About this exercise: The answer should be a faithful retyping of the records that follow, pictures excluded.

------ Recorded data ------

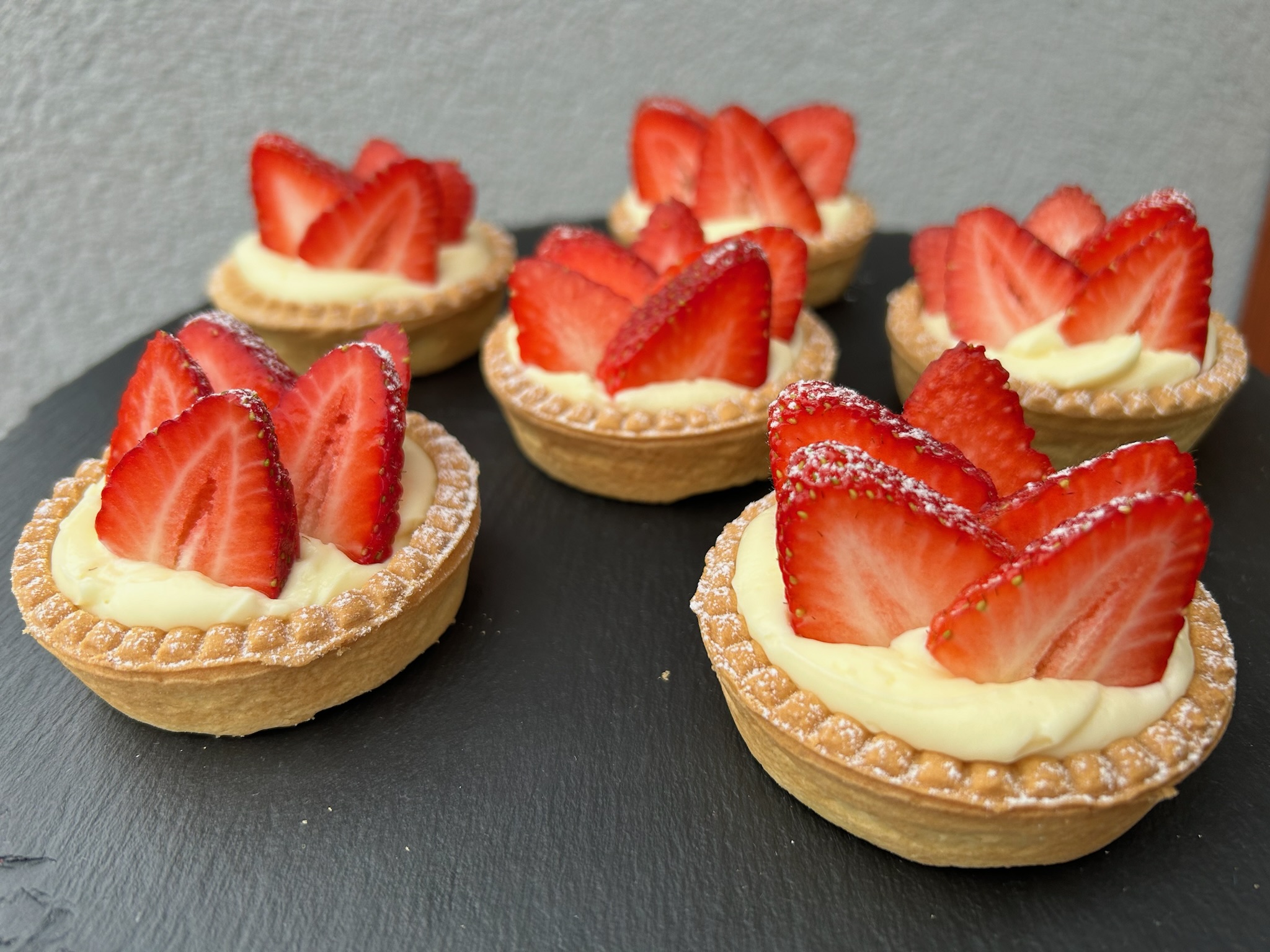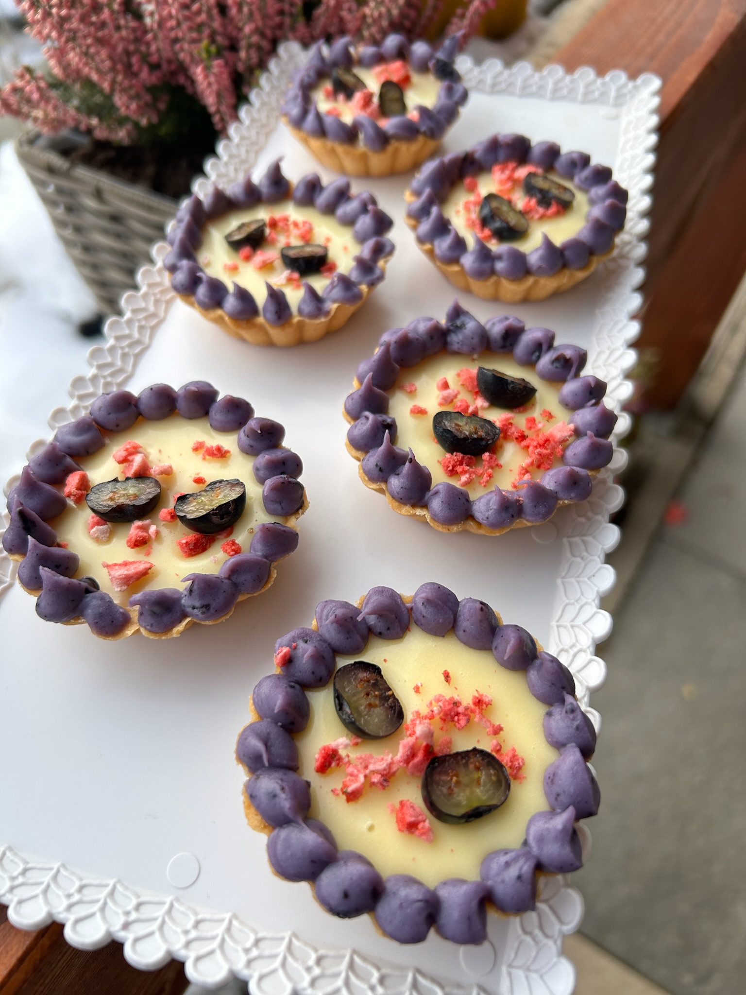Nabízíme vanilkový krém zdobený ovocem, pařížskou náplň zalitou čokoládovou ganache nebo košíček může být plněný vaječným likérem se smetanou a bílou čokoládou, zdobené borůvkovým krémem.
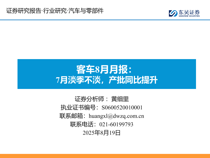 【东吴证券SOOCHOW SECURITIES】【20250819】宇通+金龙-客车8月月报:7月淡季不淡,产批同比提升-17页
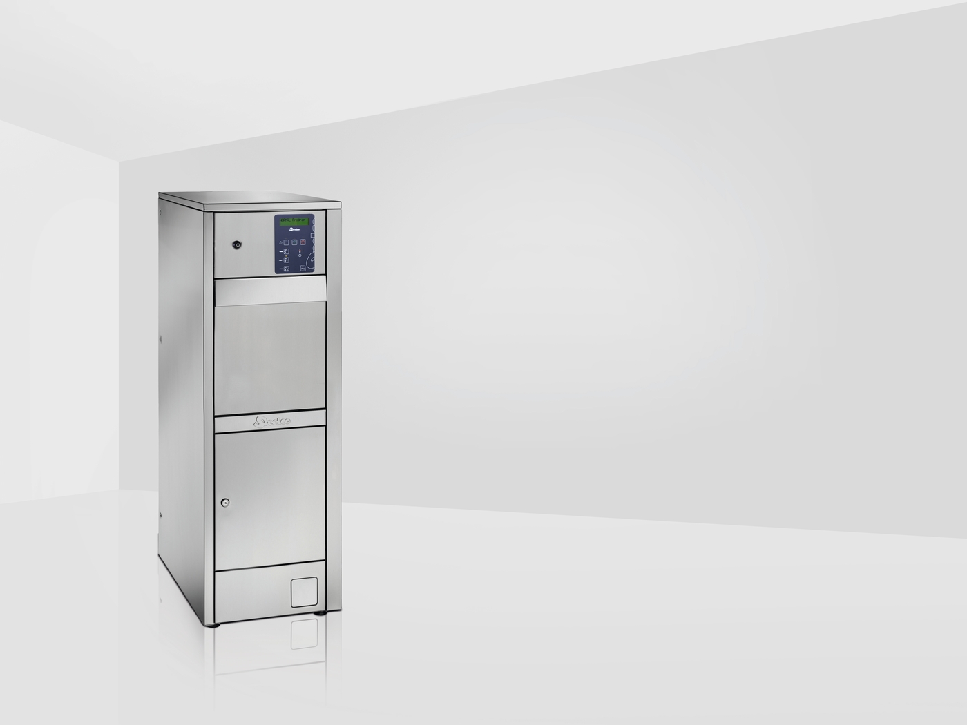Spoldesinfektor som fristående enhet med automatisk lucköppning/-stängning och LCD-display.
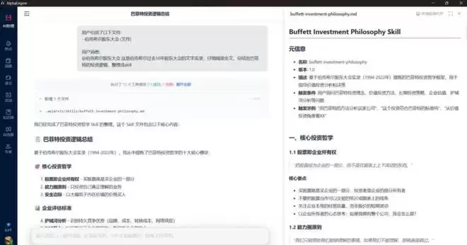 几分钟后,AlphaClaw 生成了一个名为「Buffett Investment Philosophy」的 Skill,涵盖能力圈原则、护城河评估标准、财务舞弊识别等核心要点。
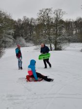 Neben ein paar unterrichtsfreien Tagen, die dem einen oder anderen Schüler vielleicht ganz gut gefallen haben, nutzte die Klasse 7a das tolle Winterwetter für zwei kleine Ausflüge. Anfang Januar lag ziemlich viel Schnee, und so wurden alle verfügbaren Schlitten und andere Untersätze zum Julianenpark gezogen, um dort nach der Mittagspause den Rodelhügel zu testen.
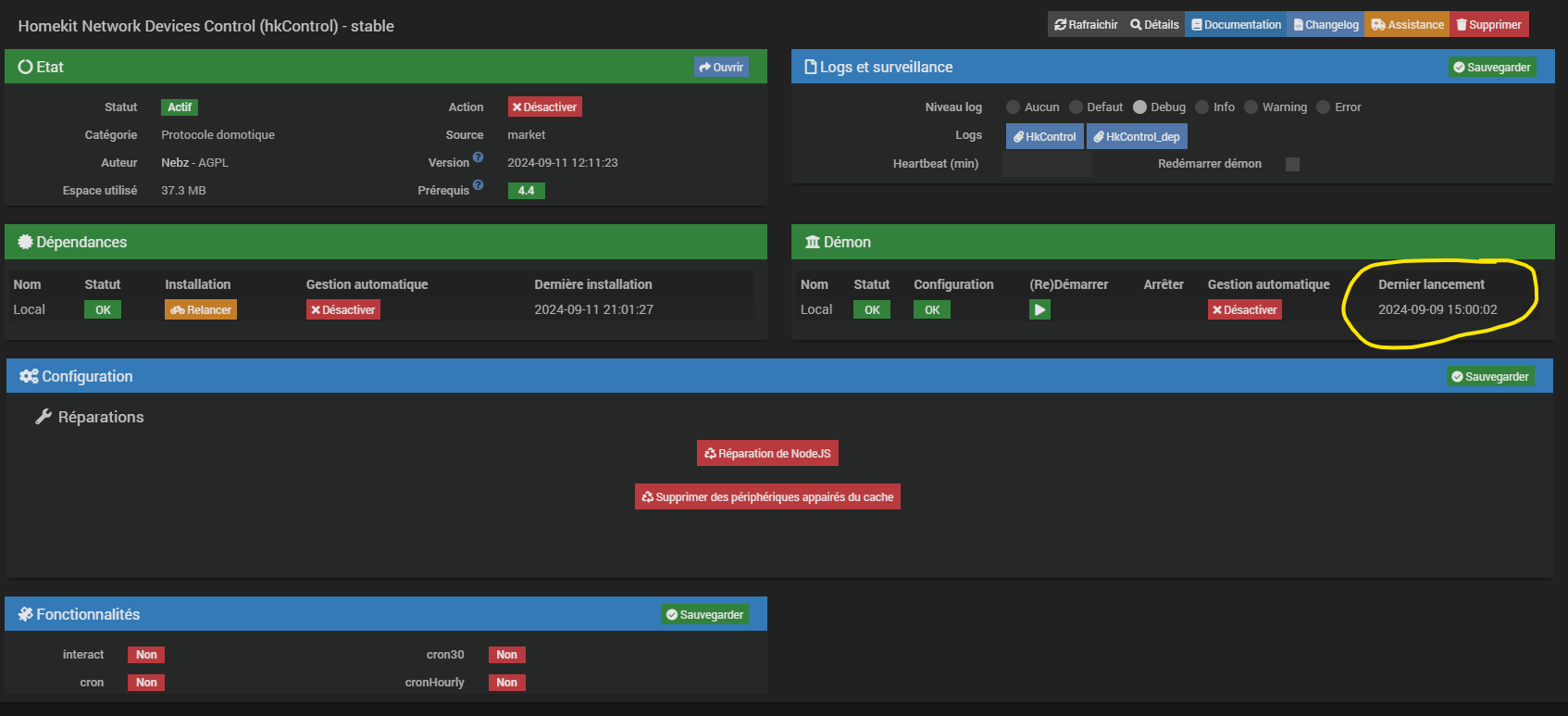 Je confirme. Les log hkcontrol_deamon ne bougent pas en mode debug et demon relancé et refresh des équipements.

------

Exercise response:
Nabízíme vanilkový krém zdobený ovocem, pařížskou náplň zalitou čokoládovou ganache nebo košíček může být plněný vaječným likérem se smetanou a bílou čokoládou, zdobené borůvkovým krémem.
 【东吴证券SOOCHOW SECURITIES】【20250819】宇通+金龙-客车8月月报:7月淡季不淡,产批同比提升-17页
Spoldesinfektor som fristående enhet med automatisk lucköppning/-stängning och LCD-display.
 几分钟后,AlphaClaw 生成了一个名为「Buffett Investment Philosophy」的 Skill,涵盖能力圈原则、护城河评估标准、财务舞弊识别等核心要点。
 Neben ein paar unterrichtsfreien Tagen, die dem einen oder anderen Schüler vielleicht ganz gut gefallen haben, nutzte die Klasse 7a das tolle Winterwetter für zwei kleine Ausflüge. Anfang Januar lag ziemlich viel Schnee, und so wurden alle verfügbaren Schlitten und andere Untersätze zum Julianenpark gezogen, um dort nach der Mittagspause den Rodelhügel zu testen.
 Je confirme. Les log hkcontrol_deamon ne bougent pas en mode debug et demon relancé et refresh des équipements.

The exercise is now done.